From what I can tell from other developers, magenta is generally used as a transparent key for when there's no alpha transparency support. i.e. When you're working with anything less than and including 24 bit colours, you have to pick a specific colour to act as transparent to layer up your graphics. With a lot of the 8bit bitmap files I've seen, the magenta colour is used to act as transparent.

What this means from a byte-by-byte perspective is that the palette index includes magenta. The bitmap palette index structure sits at byte offset 54, and for an 8 bit bitmap then follows the palette as 256 sets of 4 bytes. The 4 bytes are: blue, green, red and "reserved" (normally 0).

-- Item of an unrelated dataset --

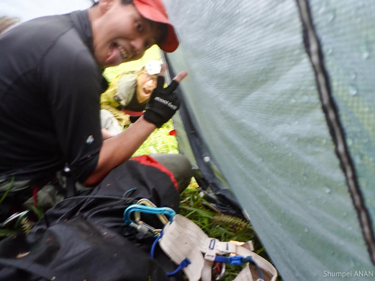 とはいえ行動できるものでもなく十二平でタープを張って雨を凌ぐ 下山してきた他の沢ヤ・登山者もタープに入れて雨足が弱まるのを待った。 KCたちが先に偵察に行くも普段水の無いような枝沢でもロープ渡渉が必要なほどの増水だとか… 2時間ほどタープの下で雨宿り。 雨もだいぶ落ち着いてきた頃、一緒に雨宿りしていた水戸葵ptが偵察に行き、なんとわざわざ駐車場まで行けることを確認してきてくれた。

So, when I look inside an 8bit bitmap that uses magenta, I'll find FF 00 FF 00 - which translates to #FF00FF - magenta.

This is when things get weird.

If you take some code to load an image in JavaScript and paint that image into a canvas, you can then get the RGB values back out:

const img = new Image();
img.onload = () => {
  ctx.drawImage(img, 0, 0);
  const imageData = ctx.getImageData(0, 0, ctx.canvas.width, ctx.canvas.height);

  // collect the top left pixel's rgba channels
  const [r, g, b, a] =;
img.url = urlToImage;

On a Windows machine, on Chrome, Edge (yeah, same thing as Chrome…) and Firefox, inspecting an 8bit bitmap with magenta in the top left correctly reads the RGB as 255, 0, 255.

The Mac is a different story. On my own machine the numbers are wrong, but I also ran a half-cocked survey on Twitter and from non-Firefox it's always fine. Then it's sometimes okay on Mac Firefox, and then it's not.

On my Mac, magenta (from an 8bit indexed bitmap) turns up as 255, 1, 251, which is #FF01FB which is pretty damn close, but not close enough if you rely on the pixel data being accurate.

I collected some of the variations from the replies I got on twitter and you can get a bit of an idea of how it looks below. The left side is the reference colour, supposedly pure magenta #FF00FF and on the right are the RGB values from different Firefox browsers (mostly on a Mac, though there was a result from Ubuntu):

Comparisons of magenta on Firefox, they range slightly differently

What's more interesting is that when I run a colour picker/eye dropper over the image above, nowhere does it report the magenta values as I entered them - but there, I believe, the colour profile of the screen is coming into play.

In practice

What does this mean? Well, if you happen to be looking for a specific colour value and you're working with indexed bitmap and you support Firefox (which, not sure why you wouldn't), then you need to be wary that the colour isn't going to render perfectly (yes, this is also a convoluted bug report).

If you, like me, needed to be exact about the palette, you could detect the bitmap and manually parse the byte data. The bitmap format is not too complicated (compared to today's modern formats), and you'll find the the correct colour in the palette index. You could, if you were really determined, then generate a simple PNG from the raw bitmap data (I'm sure it's possible, I'd personally be looking for libraries to do the work for me though).

Ultimately though, colour is a weird thing. My son asks me who decided magenta was called magenta, and surely there's no universal source of truth on the matter. Monitor colour profiles affect how pixels are painted on the screen and external light affects how the magenta light his our eyes.

And then I'm left with the question: if it's dark, and I can't see light, is magenta still magenta, if there's no light to reflect the colour? What is even colour?